Now simply call the datepicker method on the #date input field as demonstrated in the code above. You should obviously do this ‘unobstrusively’ by creating an external file, but for expedience and conciseness I have added the code at the bottom of the HTML file. And there it is folks, easy as pie, we have a cross browser datepicker. Yes, it works in IE too. Who knew?

There is however one problem, if you try out our new input field in a browser that supports this feature natively, you will notice that we are getting both the native and the jQuery plugin fallback solution, which is obviously not elegant. To solve this problem, we can add simple feature detection to our code to test weather the browser supports the date attribute value or not.

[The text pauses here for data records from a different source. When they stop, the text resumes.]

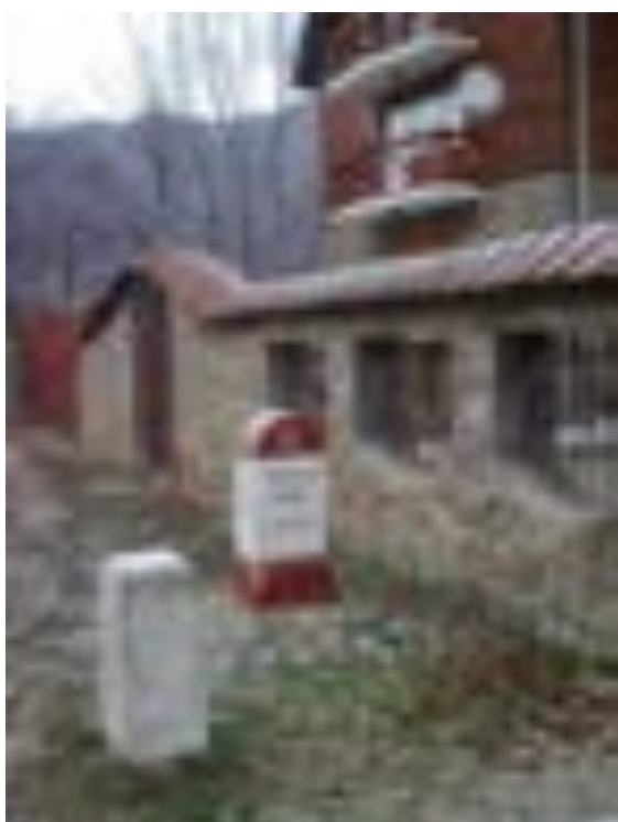
BORNA KILOMETRICĂ 13
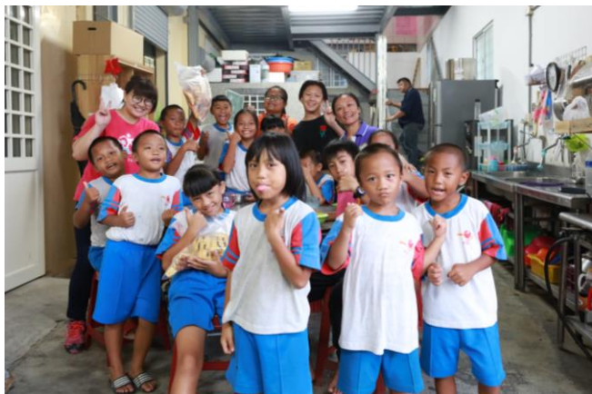
中心崙課輔班(學生人數 18 人)
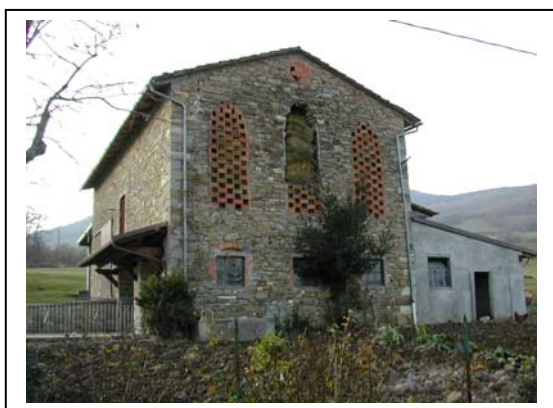
UNITA' EDILIZIA NR. 3
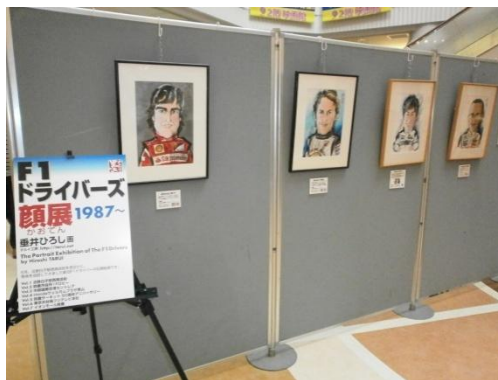
F1ドライバース'顔展
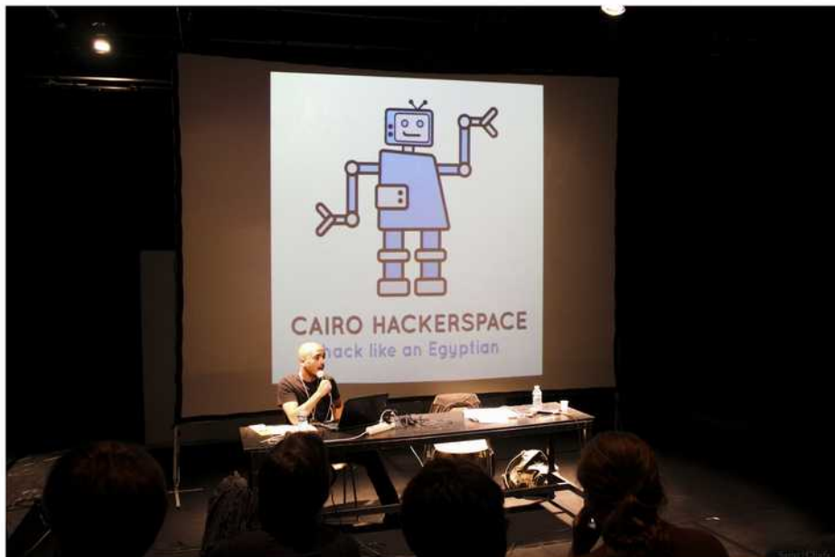
Profil à l'égyptienne

Le festival THSF (pour Toulouse Hacker Space Factory) est issu de la rencontre entre Mix'Art Myrys , le célèbre lieu/collectif Toulousain et Tetalab , un groupe d'honnêtes gens qui ont pour credo le partage de la culture hacker sous sa réelle philosophie. Car oui, 99% des hackers ne sont pas ce stéréotype qui, fier de son asociabilité cachée sous son sweat à capuche, brandit son clavier pour vider ton compte en banque. Non non non, les hackers sont avant tout des curieux, prônant la culture, le partage et les connaissances libres, des explorateurs qui avec leurs tournevis, fers à souder et ordinateurs essaient de comprendre et de changer toute chose pour le meilleur comme le plus inutile. N'as tu jamais voulu démonter ton magnétoscope pour voir comment-que-ça-marche ?
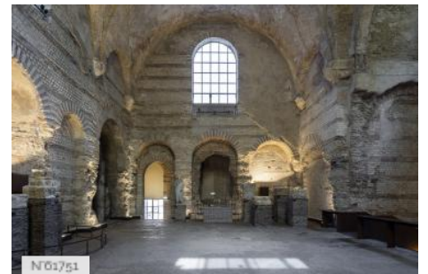
Musée de Cluny - Musée national du Moyen Âge - Collections du musée
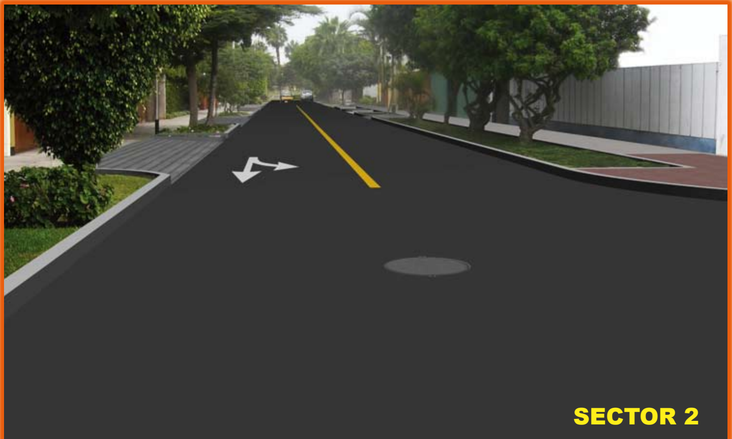
Mejoramiento de la Ca. Punta Negra, de las cuadras 1 a la 4.

In the snippet below, we create an element and assign date to the type attribute, if the browser does not understand this value, it coerces the value to text. We then test whether our #date input type is text, if so, only then should we add the fallback. See code below and check out the demo;

Feature detection

<script>
   var el = document.createElement('input');
   el.setAttribute('type','date');
   //if type is text then and only then should you call the fallback
   if(el.type === 'text'){
      $('#date').datepicker({
         dateFormat:'dd-mm-yy'
      });
   }
</script>

Properties

The datepicker method can take an object as a parameter with an array of properties such as dateFormat, autoSize, minDate, maxDate that you can pass to customize the behaviour. For a definitive list, visit the demo URL above and click on options. For instance to set the date format, you would pass dateFormat:’dd-mm-yy’ as shown below

Change date format

<script>
  $('#date').datepicker({
   dateFormat:'dd-mm-yy'
  });
</script>

To wrap it up, I would recommend another very nice calendar plugin that I have used in the past by Andy Croxall of the mitya.co.uk fame. Feel free to give it a try.

That’s a wrap.

3 thoughts on “Native HTML5 datepickers with a JavaScript fallback

  1. Nice work, Samson – have to admit I thought the HTML5 date-picker worked in IE9, so it was a surprise to read that it apparently doesn’t. (Granted, I haven’t checked this myself). They promised us IE9 was MS’s renaissance, but there’s still a hell of a lot it doesn’t do. Perhaps IE10 will finally bring them up to speed.

    • Yes, you’d be forgiven to think that IE9 supports date/time values. caniuse.com. offers very useful compatibility tables. Its my run to resource.